Sam looked out the window of the propeller plane. Below, the Skeena S-curved through fields of snow-powdered browns and greens, and along the edges of
mountains and hills. She felt sophisticated, a reporter on covert assignment. Almost like espionage. But should she be excited, or terrified? She looked at
her watch. 10:05. She’d officially missed the city council meeting, which she’d reported on every week since getting hired six months before. She knew she
had to pay her dues, but she was tired of covering changes to zoning bylaws and appointments to the library board. This scoop about the salmon farm could
fast track her to the bigger stuff: dangerous work conditions at the sawmills, women disappearing from the Highway of Tears, RCMP scandals. Sam imagined
waltzing into the office Friday morning and flaunting her exclusive. The Vancouver Sun and the CBC might pick it up. Ed would pat her on the back: We’re
sorry to see you go, kid, but…
He’d respect her drive and initiative.

Wouldn’t he?

When she got off the plane in Prince Rupert, she checked her phone. Five messages from Ed. She felt like throwing up. As she ran across the tarmac to catch
her connecting flight, she listened to her voicemail.

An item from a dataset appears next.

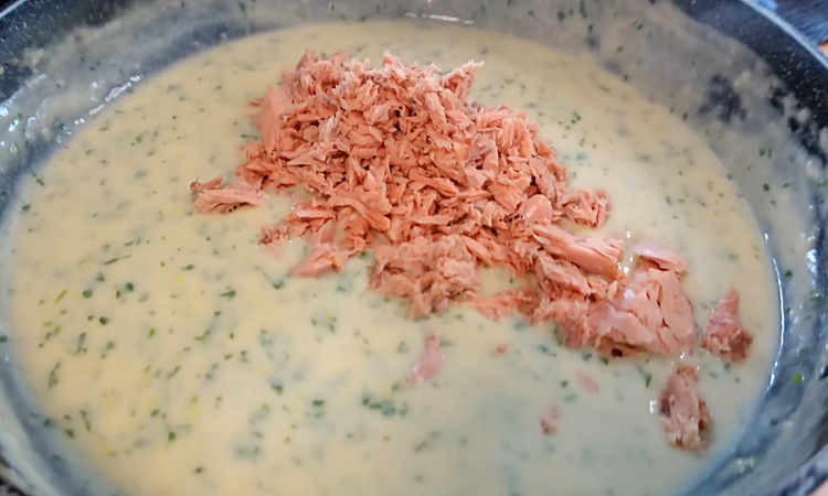 3. Добавьте в соус консервированного тунца, предварительно слив жидкость, и аккуратно перемешайте, чтобы крупные кусочки тунца остались целыми. Уменьшите огонь до минимума — соус должен лишь слегка «трепыхаться», а не кипеть, чтобы сохранить нежность тунца.

“Pope! What the fuck? You better get your ass back here, or you’re fired!”

The thought of losing her job pinched at her gut. She’d barely chipped away at her student loans. She’d been trying to pay off her credit card, but could
never get ahead of the compounded interest. It was only noon. She could catch a flight back to Prince George, cab it to City Hall, interview a few
councillors, and patch together a story about the morning’s meeting for the evening news. She was about to turn around when she heard the roar of the
floatplane engine. A man stood on the ladder, gesturing at her to hurry. She sprinted across the last few meters of tarmac. Settling into the single
remaining seat of the plane, she turned off her cell phone. She’d deal with Ed later.

Sam looked down at channels and fjords that flowed around islands before pouring into the open Pacific. In the horizon, the mist was beginning to lift,
revealing jagged snow-capped peaks. The skin on her torso was getting itchy. Sam had always been sensitive to ocean air. She could smell it miles from any
shore. Her hand played with the hem of her sweater. Don’t scratch! A voice from long ago. Raspy and shaky, yet firm. Commanding. Sam returned her hand to
her lap. If she put the cream on right away, she could prevent the itch from getting out of control. She looked over her shoulder for a bathroom, but the
pilot announced he was preparing for descent. Sam buckled her seatbelt. She looked around to make sure no one was watching before slipping her hand under
her shirt.

Not in public, you dirty girl!

Sam’s hand froze. She gripped her armrests as the floatplane tilted, tilted, tilted, almost grazing the water. She bit her lip. Swallowed a mouthful of
salty saliva. Remembered.

* * *

Sam, aged ten, lay on the top bunk in a strange room. A terrible itch gnawed at the sides of her ribcage. Each prickle pinged and tingled, setting off a
wave of nausea. Her eyes darted around the room. Suitcases piled high on the opposite side. Her yaya sat at a wall-mounted table, removing hairpins from a
tightly coiled gray bun.

Sam’s nostrils twitched. Stale cigarette smoke. Not from the old woman, who, when she’d leaned over to tuck Sam in earlier, had smelled of dry skin and
hand lotion. No. The smoker was someone else—the hacking, coughing person underneath Sam’s bunk bed.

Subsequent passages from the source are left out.